Field of Science

Pseudo-worms and such

Yesterday I started with dinoflagellates, and showed a fairly typical example. While the typical dinoflagellates are fairly neat in their own right, this post will deal with some far less typical dinoflagellates - the parasitic members of the orders Blastodiniales and Syndiniales.

In the Fensome, Taylor et al. (1993) classification of dinoflagellates, Blastodiniales were a group of extracellular parasites with a dinokaryon (the distinctive dinoflagellate nucleus - see the previous post) for only part of their complicated life cycles. Blastodiniales were a diverse group, and Fensome et al. made no secret of its probable polyphyly. Most families of Blastodiniales start out as a trophont (feeding stage) attached to the host by rhizoids, a peduncle or a stylet (the exception is Blastodinium, in which the trophont is not actually attached but resides within the gut of copepods). The trophont may produce spores while attached and feeding (palisporogenesis), or may detach first before producing spores (palintomy). The spores are eventually released as motile dinospores, that have been recorded fusing to form gametes in at least some taxa, or give rise directly to the new generation of trophonts. Plastids are present in Blastodininium and Protoodinium, while other Blastodiniales are non-photosynthetic.

In Cachonella (Cachonellaceae), the trophont is attached to its siphonophore host by rhizoids. When it is finished feeding, it detaches and develops long tubular processes within the host's gut (the illustration in Fensome et al. has definite B-grade sci-fi appeal). After being passed from the host, the ex-trophont produces coccoid aplanospores (non-motile spores) that in turn remain attached to each other while shedding a series of cyst membranes, to form a branching structure with a spore at the end of each branch. Eventually the non-motile aplanospores give rise to motile dinospores.

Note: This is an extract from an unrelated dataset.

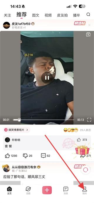 1、打開(kāi)皮皮搞笑APP,進(jìn)入到首頁(yè)內(nèi)點(diǎn)擊右下角我的圖標(biāo)。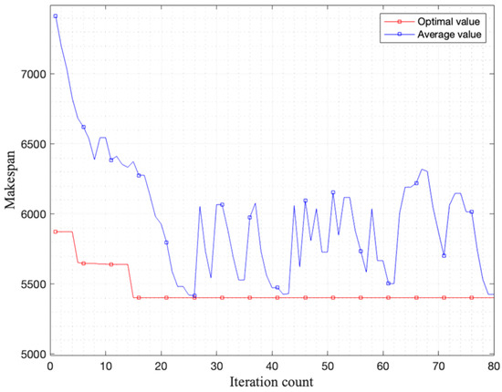 Figure 22 presents the convergence trends for DSAGA, with the red curve representing the optimal value and the blue curve depicting the average value. The chart illustrates that the maximum completion time for the best solution stabilizes after fifteen iterations, as indicated by the makespan on the vertical axis, leveling out at 5403 s.

Haplozoon is a very distinctive form that Fensome et al. assigned to Blastodiniales (though Leander et al. (2002) disputed this position, as Haplozoon appears to possess a dinokaryon throughout its life-cycle). Haplozoon initially attaches to its host (a larvacean or annelid) as a unicellular trophont by a stylet. It then undergoes multiple cell divisions to give rise to a flat worm- or ribbon-like (apparently) multicellular form with a single trophocyte (feeding cell), multiple rows of gonocytes (dividing cells) and a distal row of sporocytes (spore-producing cells). The single nuclei of the sporocytes become four, and individual sporocytes are released as cysts (probably eventually releasing four dinospores, but this doesn't appear to have actually been observed). While the mature stage of Haplozoon has generally been interpreted as multicellular (or colonial), Leander et al. found that SEM images of H. axiothellae appeared to show a single continuous membrane covering all "cells", and so interpreted Haplozoon as forming a unique compartmentalised syncytium (multinucleate single cell).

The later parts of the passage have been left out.